Ash disease shows need for diversity
GUERNSEY’S environment is facing up to another threat - this time in the form of Ash dieback.
The fungus has had a devastating impact in some European countries, affecting 90% of Ash trees in Denmark.
It was first spotted on the island in 2012 in a consignment of trees that was destroyed, prompting an import ban to be imposed.
But that has not proven enough to stop the infection which is now established in at least seven sites.
Eradication efforts would not prevent it spreading and there is no treatment.
Despite that grim prognosis, there is hope that encouraging genetic variation by planting new Ash trees and letting older ones set seed will help ensure this species, one of the most important native trees for wildlife, can still thrive.
That is important, not only for dependent species such as the Centre-barred Sallow moth whose population is likely to decline in line with Ash numbers, but also for the island’s environment’s ability to withstand other diseases.
In the 1990s Guernsey learnt just how vulnerable it was when Dutch elm disease destroyed its tree cover.

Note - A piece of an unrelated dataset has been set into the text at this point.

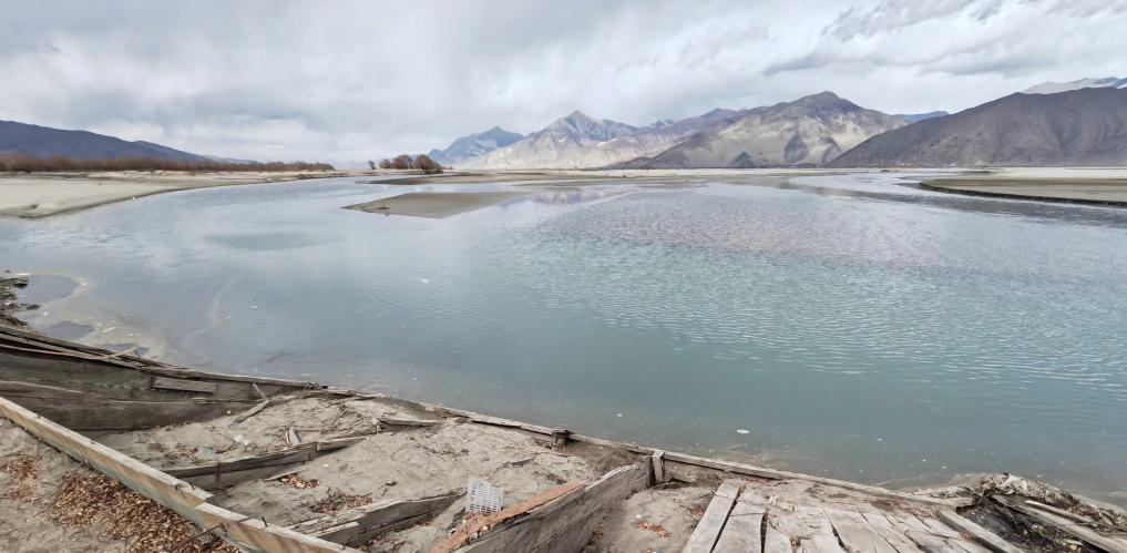这是雅鲁藏布江扎囊段岸边的桑耶渡口和废弃的木船(2月23日摄)。新华社记者刘洲鹏 摄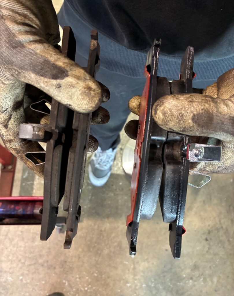 写真左が新旧ブレーキパッドの比較、写真中央が新旧ディスクローターの比較です。

Today we still benefit from the tree planting programme that was implemented to ensure a diverse range of species, the risk of having one dominant type of tree having been so brutally exposed.
Guernsey’s woodland is young, little pre-dates the Second World War, when many trees were cleared, and according to the last habitat survey from 2010, Sycamore dominates with a high presence of oak and ash. From 1999 until that survey, the amount of woodland grew 2.6%, to cover 379.4 ha.
Work is now under way on a new survey which will show how habitats have changed over the last decade.
It will expose whether any are at particular risk and hopefully therefore become a basis for how to address that through wider States policy and other initiatives.
Without this type of work it is all too easy for a slow creep of habitat loss to take hold without being noticed.